= Historic Chattahoochee Commission =

State agency of alabama and georgia, US

The Historic Chattahoochee Commission (HCC), a state agency of both Alabama and Georgia, promotes heritage tourism, history education, and historic preservation in an eighteen county area in Alabama and Georgia marketed as the "Chattahoochee Trace." The region is centered on the lower Chattahoochee River where it forms the boundary between the states.

== History ==
Originally organized in 1970, in 1978 the Georgia General Assembly and the Alabama Legislature passed identical legislation to establish an interstate compact for the operation of the Commission. Final approval of the compact came in October of that year when the same bill cleared the U.S. Congress and President Jimmy Carter signed it into law.

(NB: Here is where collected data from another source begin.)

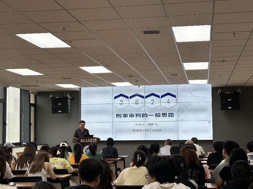 随后,商洛市中级人民法院刑二庭副庭长周鹏飞法官开始讲授“刑事审判的一般思路”。周法官从“强化四种意识”“办好三类案件”“抓住两个环节”“达成一个目标”四个维度,结合他办理的真实案件,深入浅出地讲解了刑事审判的一般思路。课程共分四个部分:第一部分,通过具体案例的审判实践,阐释刑事审判强化政治敏感意识、社会风险意识、化解矛盾意识、裁判身份意识的实践经验;第二部分,通过具体案例的审判实践,阐释刑事审判中办好重大敏感案件、新类型案件、常见多发型案件需要考虑的问题和具体的实践的方式方法;第三部分,通过具体案例的审判实践,从开好庭审、写好判决两个方面阐释刑事审判应当抓好的两个环节问题;第四部分,通过具体案例的审判实践,从坚持严格司法,反对机械司法、将专业判断与常识判断相结合、重视发挥裁判的社会引领功能三个方面阐释刑事审判应当达成的目标。周法官最后寄语同学们,要有“为天地立心、为生民立命”的胸怀,坚持“心上磨、事上练、致良知”的行为准则,以“无我”的心态,做“利他”之事,努力让公平正义之光洒满人间。课程讲授结束之后,周法官与同学们互动交流,耐心回答了同学们的提问。
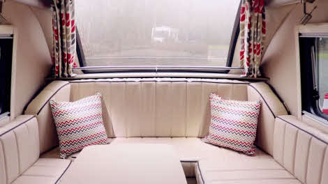That’s not the only decision you have to make. The bodyshell of our test caravan is grey – cream, duck-egg blue and dusty pink are the other options. You then choose from seven finishes to the kitchen and washroom units, and from a range of patterns for the curtains – you can even provide your own fabric and Go Barefoot will make them for you. Oh, you also get to choose the colour of the cute Roberts Revival DAB radio that’s included in the package.
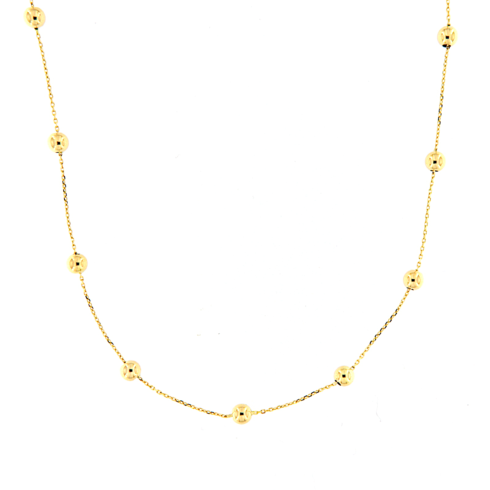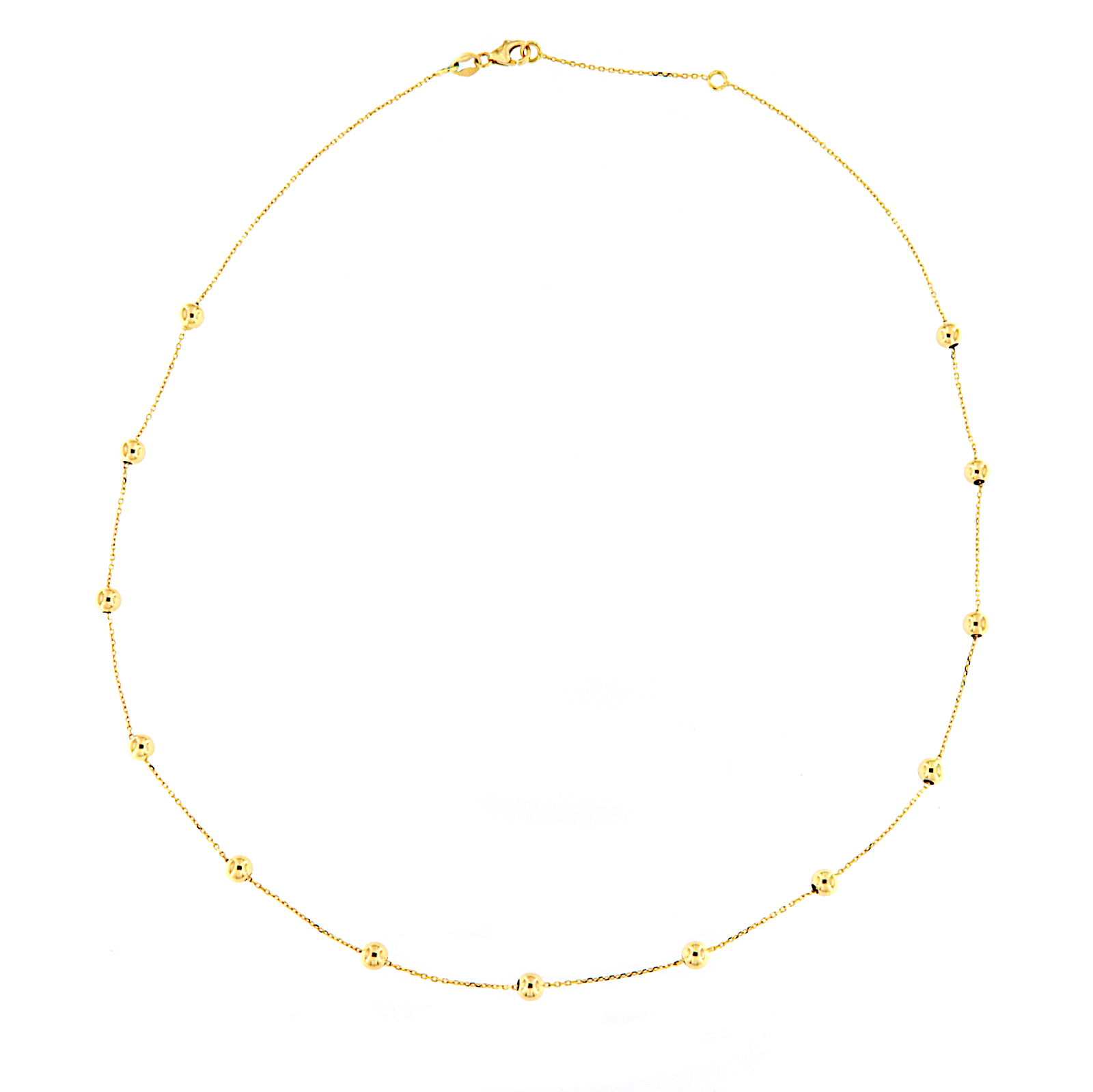 Collana a girocollo a maglia rollò sottile con alternatete sfere lucide in oro giallo. Chiusura con doppio anellino per regolarne la lunghezza.
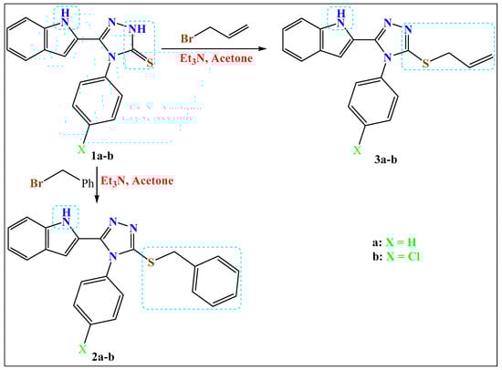 The regiospecific S-benzylzation and S-allylation of 5-indolyl-4-phenyl-1,2,4-triazole-3-thione 1a and its 4-(4-chlorophenyl) analogue 1b were successfully performed via reaction with benzyl bromide and allyl bromide, respectively. This reaction was promoted by an Et3N base, which was used as a catalyst in an acetone medium (Scheme 1). 1H NMR and 13C NMR spectroscopy revealed the following characteristic signals that support structural assignments: benzylated products 2ab spectra contained methylene protons of the benzyl group (-CH2Ph) (almost at 4.42 ppm), and the respective methylene carbons were approximately at 37.30 ppm. The allylated compounds 3ab had allylic protons (attached to saturated sp3 carbon -S-CH2) as a doublet at 3.95 ppm, while the corresponding allylic carbon appeared to be near 35.50 ppm. In addition, the 1H NMR of 3ab displayed the cis protons of the vinylic methylene group at 5.20 ppm with a coupling constant value of 3J ≈ 10.0 Hz, whereas the trans proton was found at 5.34 ppm with 3J ≈ 16.9 Hz. The remaining vinylic CH proton was found as multiplet in the region at 5.95–6.05 ppm. The two triazole carbons in the four compounds 2ab, 3ab were detected near 149.00 and 152.00 ppm.
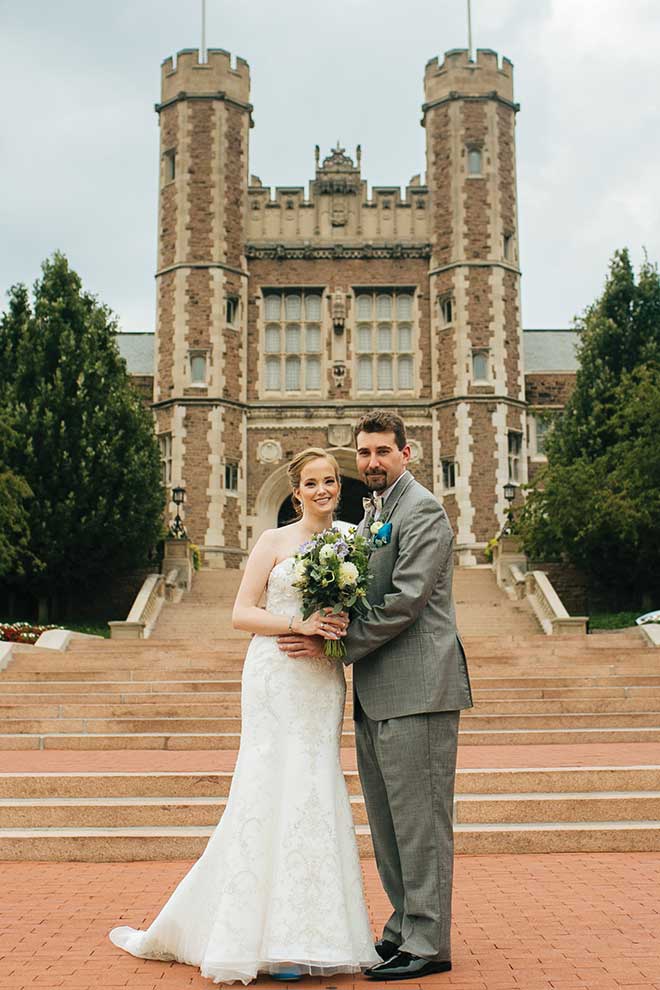 Cowhey was thrilled, and the wedding arrangements began. The two, who met at a 2011 World Series party in Illinois, consulted on all the plans, but Cowhey took the lead since Oehlerking still resides in Columbia, Missouri. Long distance never proved a challenge for the two, however. Even after the wedding, they are navigating the issue as Oehlerking works to transfer to his office’s St. Louis branch. “It doesn’t feel too much different to be married right now, but when Matt moves here, it will really hit home that things have changed,” Cowhey says.
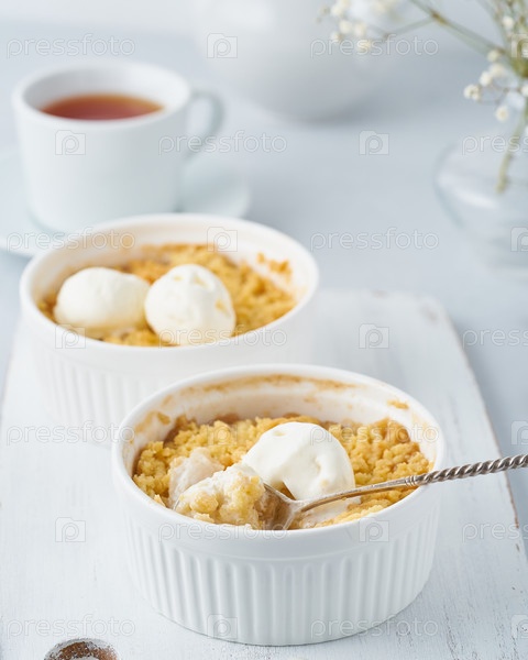 Яблочную крошку с мороженым, ложку со штрейзелем. Вид сбоку, вертикально. Утренний завтрак
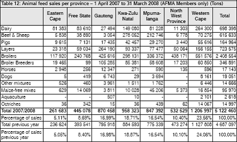 Table 12: Animal Feed Sales Per Province - 1 April 2007
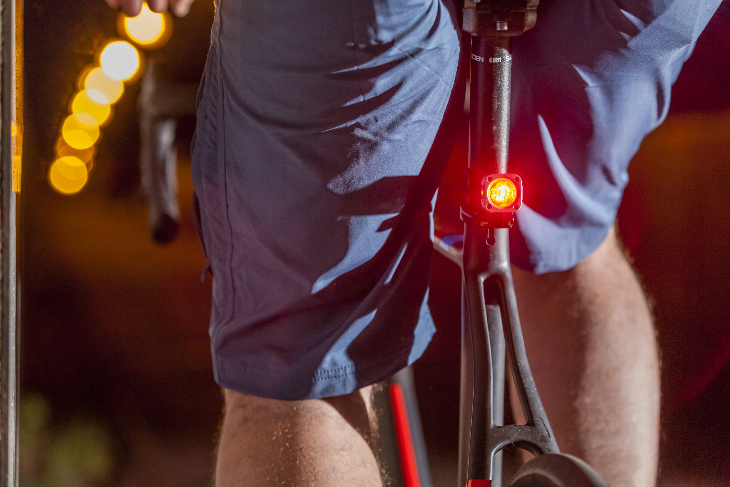 Rear view of a cyclist wearing blue shorts with a red light on the bicycle seat post at night.
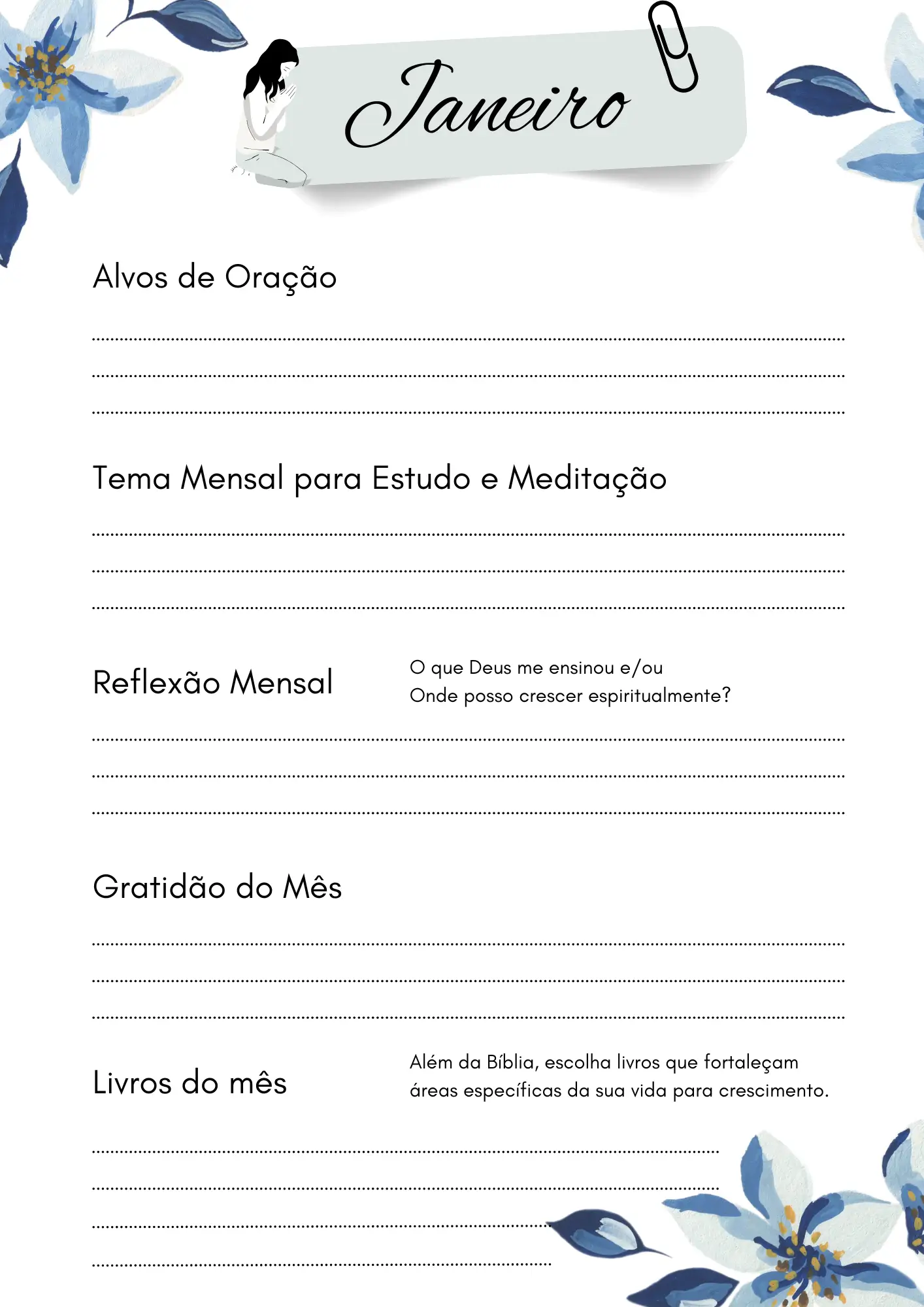 Com um layout planejado, você pode acompanhar sua rotina devocional, metas e leituras bíblicas de forma prática e estruturada.
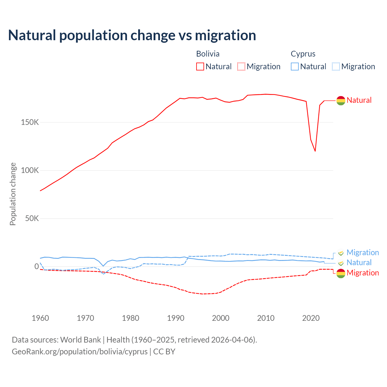 Over the last 10 years, 95.6% of the population change in Bolivia is from natural causes (a gain of 1,637,833 people) and 4.37% is from migration (a loss of 74,903 people). In Cyprus 36.2% is from natural causes (a gain of 57,464 people) and 63.8% is from migration (a gain of 101,458 people).
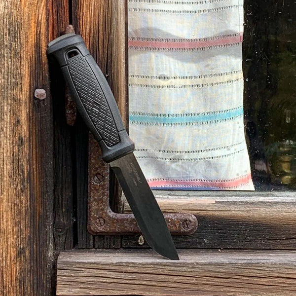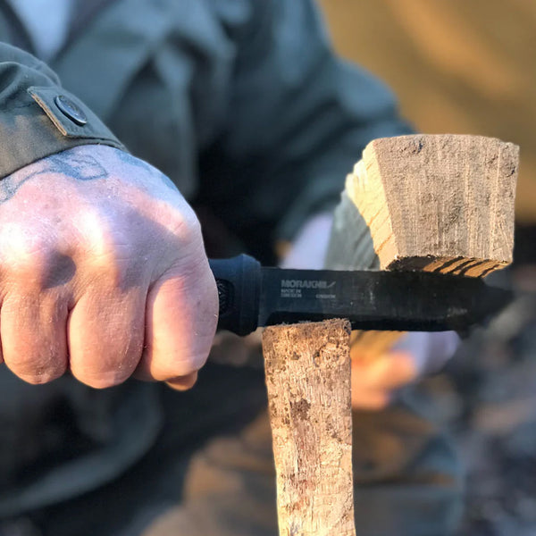 モーラナイフのアウトドアナイフ全ラインナップのなかで、最も強靱で重量感のあるハイエンドモデル。ブレードは刃厚3.2mmのフルタング(鋼材がグリップエンドまで通っている)と構造になっており、非常に耐久性が高いモデルとなっています。鋭い切れ味を備えた高品質のカーボンスチールは、ドイツの「WAELZHOLZ」社の炭素鋼を使用し、モーラナイフ独自の加工を施しています。1%の炭素を含むブレードは、長期間にわたって最大の切れ味を発揮するよう研ぎ直しがしやすくなっており、靭性のある吸い付くような切り心地が特徴です。ブレードの表面にはカーボンスチールのデメリットである錆びやすさを軽減するためのDLC(Diamond Like Carbon)コーティングを施しています。このコーティングはブレード表面の光の反射を低減する効果や、耐摩耗性の向上などももたらしています。※DLCコーティングはブレードを研いだりすると自然に取れるものです。スチールが剥き出しになった部分は、極力水分を取り除きよく乾燥させ、植物性のオイルを塗るなどのメンテナンスを施すことをおすすめします。
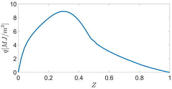 which implies a stoichiometric O/F of roughly 3, corresponding to . Besides the significant portion of carbon monoxide, additional particularities of combustion in the frame of space propulsion further entangle the equilibrium composition. Due to the high pressures and the absence of nitrogen, very high temperatures are reached in the flame (). Consequently, significant mass fractions of free radicals and hydroxyl are present at equilibrium. All of these substantial deviations from the assumption in (13) demand the redefinition of the stoichiometric condition. A reasonable criterion is to choose the O/F that maximizes the volumetric heat release. The integrated heat release rate is calculated as a function of the mixture fraction using Cantera [40] and a complex chemical mechanism [41]. The result is displayed in Figure 1. As can be seen, the mixture fraction that maximizes heat release takes place at values higher than the classical assumption of . More specifically, the maximum value is found at . This is in good agreement with the previous reasoning, since . Therefore, it can be expected that the redefined stoichiometric value is closer to the one in the assumption in Figure 1. Besides the graph in Figure 1, additional evidence for the better suitability of an as a stoichiometric value is provided in the discussion of the results.
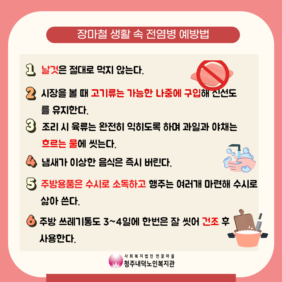 또한 여름철 불청객인 식중독과 각종 전염병에 노출될 수 있으니 노년기에는 더욱 각별한 주의가 필요합니다. 이번 7월 건강소식을 통해 장마철 질환 및 건강관리법과 생활 속 전염병 예방법을 통해 꿉꿉한 장마철을 건강하게 보내세요~!
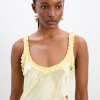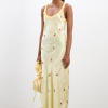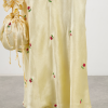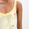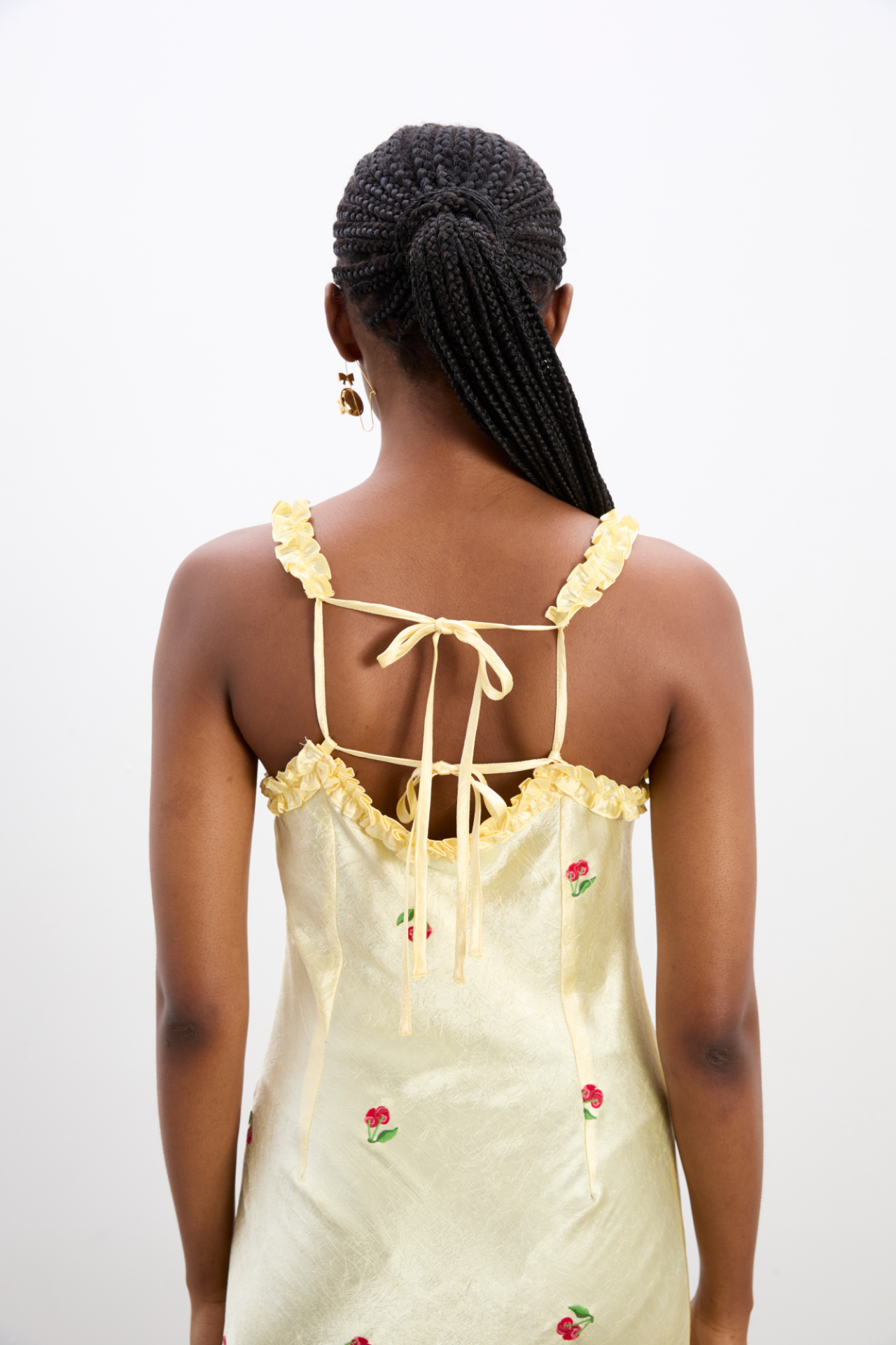 The Simone Slip Dress in butter yellow combines an all over cherry embroidery design with a beautifully draped bias-cut recycled fabric. Complete with ruffle detailing at the neckline and adjustable straps, this is the perfect dress for an evening event or formal occasion. Pair with our matching Simone Satin Scrunchie Bag. Due to the delicate nature of this garment, snagging can occur. Take care when wearing

The organization maintains offices in Eufaula, Alabama and LaGrange, Georgia.

Alabama counties include Barbour, Chambers, Dale, Henry, Houston, Lee, and Russell; Georgia counties include Chattahoochee, Clay, Decatur, Early, Harris, Muscogee, Quitman, Randolph, Seminole, Stewart, and Troup.

Presently the Commission is funded by both Alabama and Georgia. The HCC is the only tourism/preservation agency in the nation with official authority to cross state lines to pursue goals common to all counties involved.

== Events ==
The HCC's numerous programs and projects educate residents and visitors about the unique cultural and natural heritage of the Chattahoochee Trace region and stimulate economic development through tourism. Activities include:

- Grants – providing financial support to a range of innovative public history, education, publishing, tourism, and preservation projects
- Scholarship, Publication and Education – the HCC has published over 30 books on regional history, has sponsored folklife and agritourism research projects, and produced a Heritage Education Unit for use in local schools
- Historical Markers and Historic Site Interpretation – the HCC has erected over 300 historical markers commemorating important people, places, and events in regional history, and guided the creation of the renowned Chattahoochee Indian Heritage Center. It also operates the Hart House, a ca. 1850 home that serves as its Alabama office, as a house museum.
- Heritage Tourism Advocacy – the HCC annually distributes thousands of brochures throughout the Southeast and nation promoting the attractions of the Chattahoochee Trace region of Georgia and Alabama, publishes a monthly calendar of events, and has sponsored familiarization tours for travel writers to bring national attention to the area
- Community Service – the HCC is a partner in several praiseworthy charitable and community development initiatives

== Dissolution ==
The HCC ceased to exist in 2018. After failure to receive annual appropriations from the State of Alabama for eight fiscal years, the HCC’s board of directors voted to dissolve the organization.